Muometric positioning system (μPS) with cosmic muons as a new underwater and underground positioning technique (2020)
Using the time of flight of relativistic cosmic ray muons to estimate relative position.
There is also a 2024 paper on a more practical, wireless system and another on time synchronization from 2022.
Here is the author, Hiroyuki K.M. Tanaka's inspirehep page.
Neovim
A more modern, but mostly compatible, version of Vim.
After trying Kakoune and Helix, I realized it would be too much work to re-learn a bunch of key-bindings and ways of doing things. I'm not ready to put the effort into a project that isn't very far along. With Neovim, I can always go back to Vim if the project fails.
I've been messing with configuring Neovim for a few days now, and it can be intimidating when you see a bunch of code to configure something in a web search result. I've found my way around that, and have things mostly up and running.
Overall, I think I'm happy to use Neovim for now.
tldr pages
The tldr pages are a community effort to simplify the beloved man pages with practical examples.
They are a really nice set of examples. I especially like the ones for git commands, like git rebase.
Helix text editor
2025-04-10 Update: I tried Helix for a few days, and like it, but miss features from Vim and want something more complete. Maybe I'll try to get LSP and completion working in Vim or give NeoVim a shot!
Helix is a Vim and Kakoune inspired editor. It follows Kakoune's philosophy of multiple selections and redesigned keybindings, but brings back Vim's visual mode. It is written in Rust and tries to include what most users would include through Vim plugins, e.g. tree-sitter and language server support (LSP). It doesn't currently have plugin support.
I'm writing this post in Helix. It's nice to have more of the "batteries-included" features like tiling window support and a file manager. I haven't figured out the tree-sitter/LSP integration yet.
A few things are missing, like spell checking (maybe can use a language server?) There does seem to be Git support. It's a nice little colored line between the line numbers and the text. It doesn't work the same as Vim-Fugitive, though, as it only shows the diff from HEAD, not from staged.

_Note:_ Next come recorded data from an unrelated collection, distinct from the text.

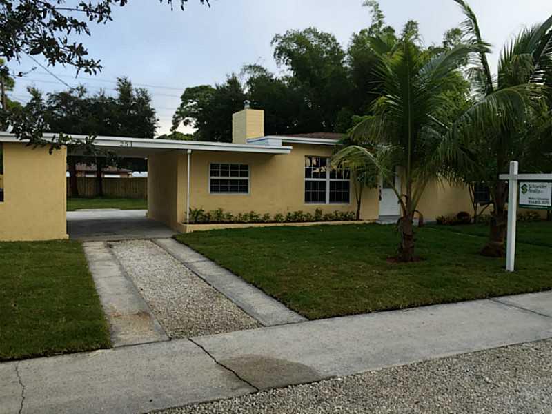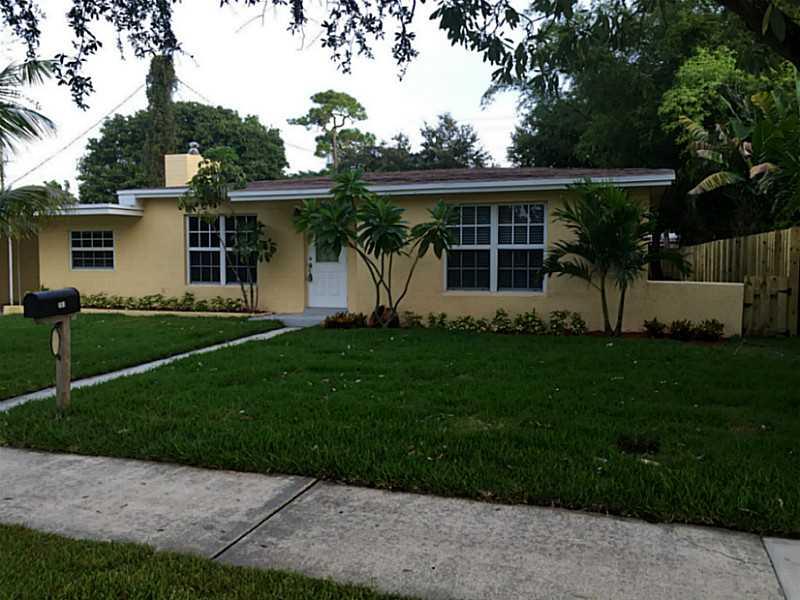 Very nice and unique 3 bedroom 1 bathroom home on a huge, private, fenced lot minutes from downtown Fort Lauderdale. The house has been professionally painted inside and out, features impact windows (except for back door), brand new flooring throughout, r enovated & updated kitchen and bathroom including granite counter top and brand new stainless steel appliances. The carport passes through to the back yard which is perfect for storing boats, trailers or whatever. Plenty of room for a pool or to add on.
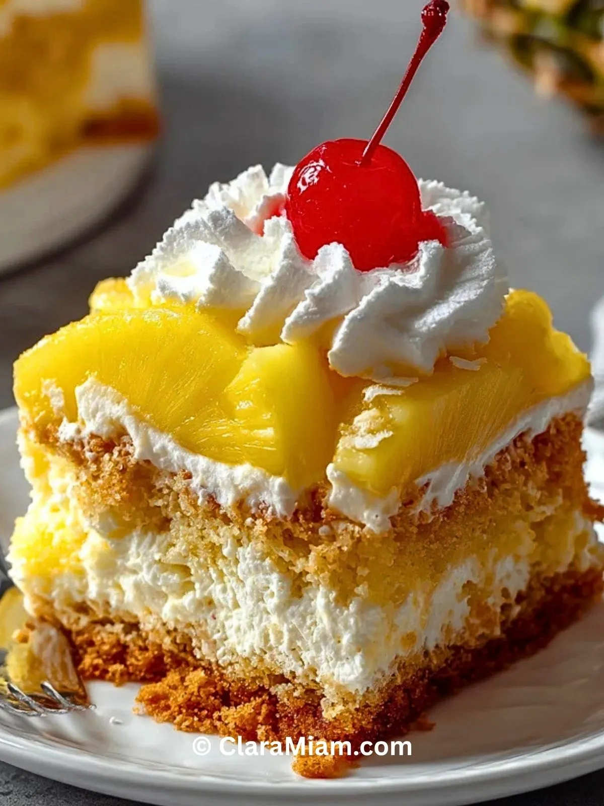 Le Gâteau Ananas Hawaïen Delight est un dessert tropical crémeux et gourmand, composé d’une base biscuitée croustillante, d’une garniture fondante au fromage frais, d’un nappage à l’ananas brillant et d’une décoration à la noix de coco, crème fouettée et cerises. Parfait pour un anniversaire, un dessert d’été ou une occasion festive en famille.
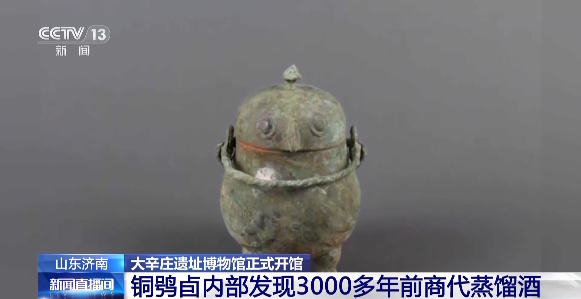 这件铜鸮卣出土于大辛庄遗址中一座规格较高的商代晚期墓葬,考古人员在对它修复的过程中,在其内部发现了3000多年前商代的蒸馏酒,丰富了我国蒸馏酒的历史。
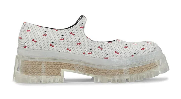 极具学院风的玛丽珍鞋,穿起来不仅可爱又减龄,而且搭配裙装也更显独特俏皮。这款带樱桃图案的皮革玛丽珍鞋,并将草编鞋底和透明橡胶鞋底结合起来,设计充满新意。
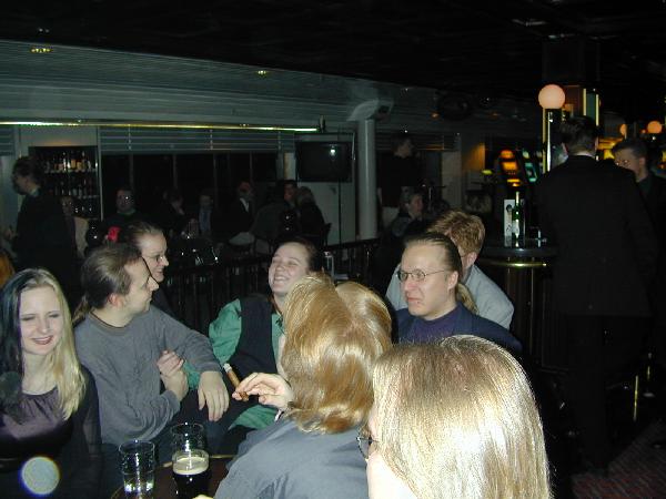 Lisää väkeä baarissa. Tassu, Noozi, Swaani, Minka ja meeTu.
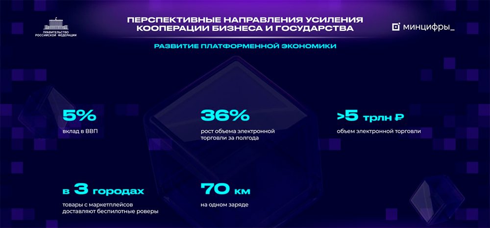 Во-первых, это дальнейшее развитие платформенной экономики. Сегодня она, по данным Высшей школы экономики, обеспечивает около 5% валового внутреннего продукта России. Открывает новые возможности для граждан и бизнеса. С октября 2026 года вступит в силу закон о платформенной экономике.
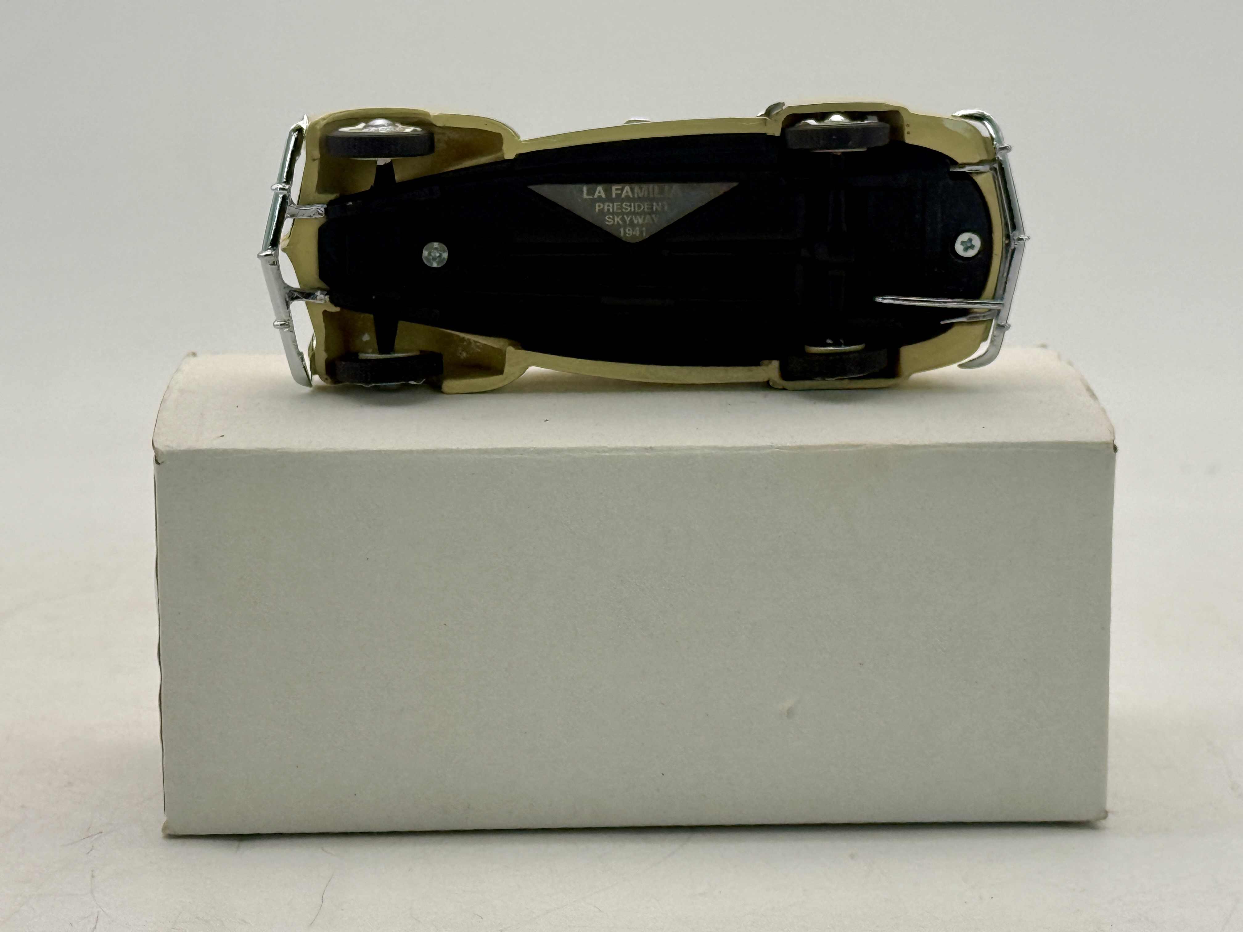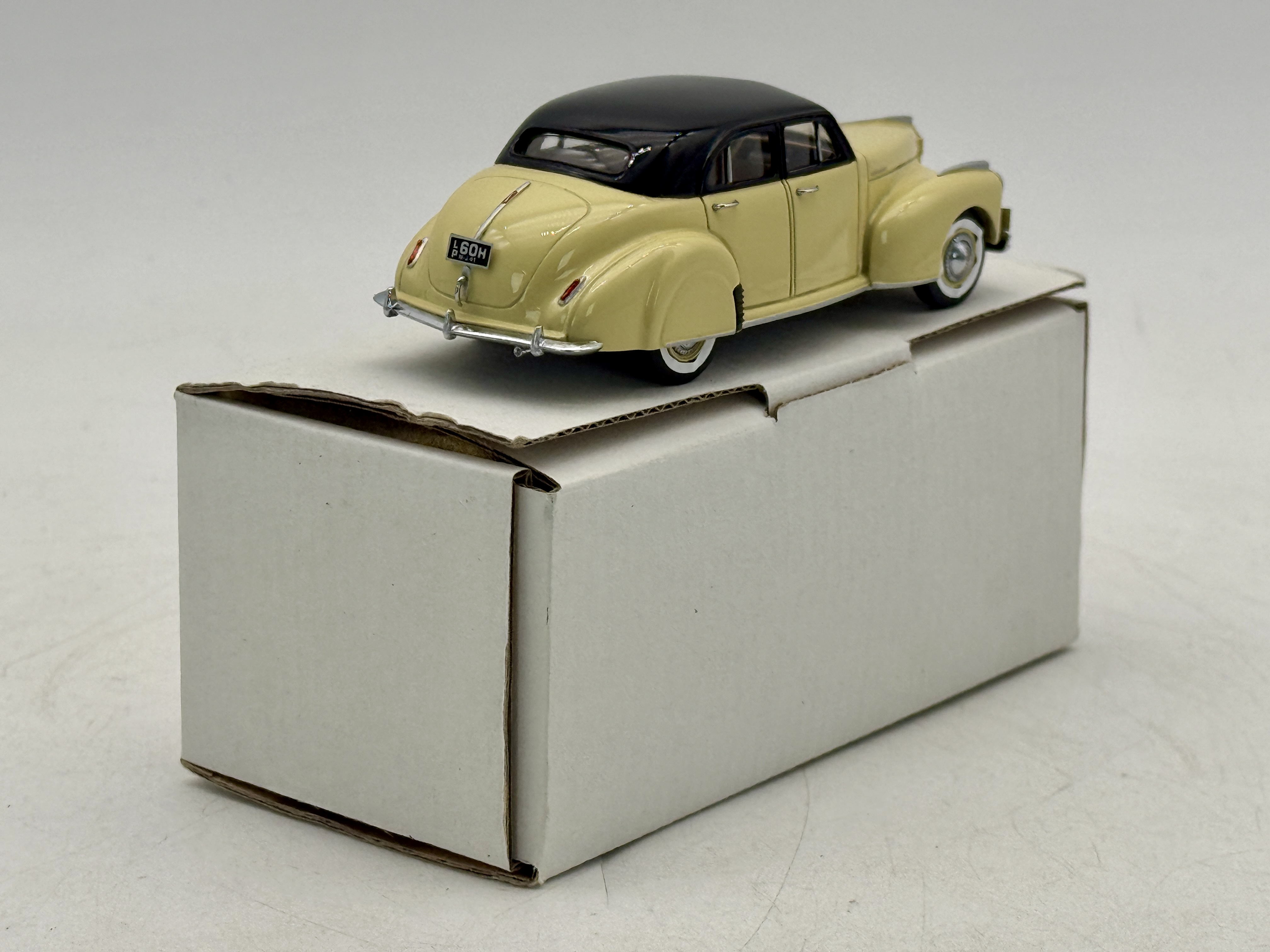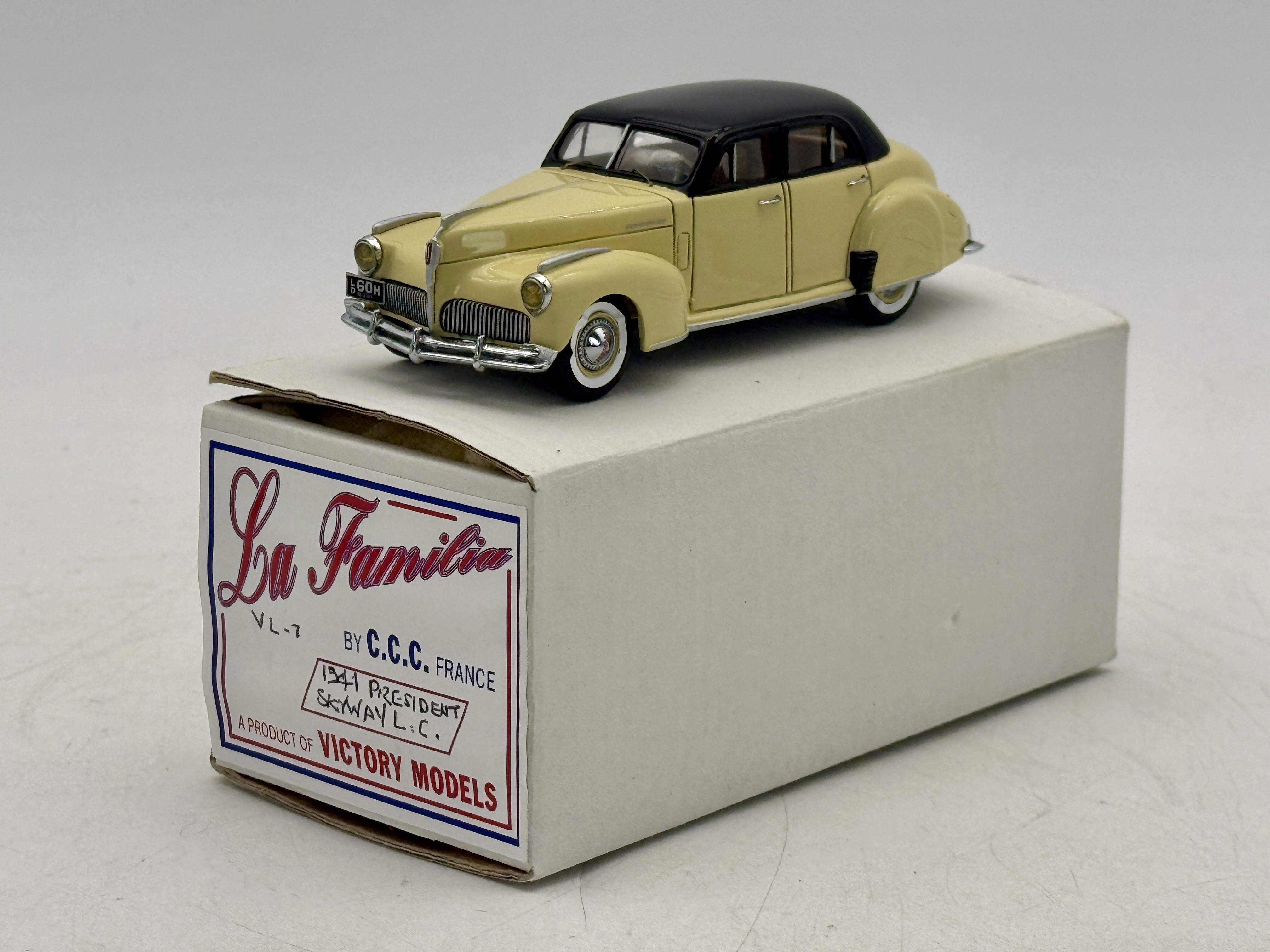 A cream and black 1941 Studebaker President Skyway model car featuring a black roof, original Victory Models box, and La Familia chassis markings. OB C9

Using chroot for Linux system recovery
This technique lets you boot your broken installation with a live USB disc, then use chroot to switch the running Linux over to the broken installation. You can then run package manager commands, etc.
arch-chroot is a script that does all of the steps for you and is even available on Debian.
systemd-nspawn can be used in a similar way:
systemd-nspawn --directory /tmp/target-rescue --boot -- --unit rescue.target
It is usually used as a light weight host virtualization technique, and is new to me!
Light bulb shape and size chart
Chart for shape and size of light bulbs. A19 is the standard size.
They also have a base chart here. Medium/26mm/E26 is the standard one that goes with A19.

Freefall webcomic "quark" ice cream
I've just started reading the long-running webcomic "Freefall." I particularly like this joke about "quark" ice cream:
I thought everyone liked "quark" ice cream. I've got all three colors in all six flavors.
Choose boring technology
Author: Dan McKinley
The idea is that the more new, exciting, "poorly-understood" things you choose, the more complex and difficult to deal with your system becomes. He advocates for a company to pick three or less non-boring technologies and to pick them where it maximizes your competitive advantage.
This whole article is great!
What counts as boring? That’s a little tricky. “Boring” should not be conflated with “bad.” There is technology out there that is both boring and bad (we often casually refer to the boring/bad intersection of doom as “enterprise software,” but that terminology may be imprecise). You should not use any of that. But there are many choices of technology that are boring and good, or at least good enough. MySQL is boring. Postgres is boring. PHP is boring. Python is boring. Memcached is boring. Squid is boring. Cron is boring.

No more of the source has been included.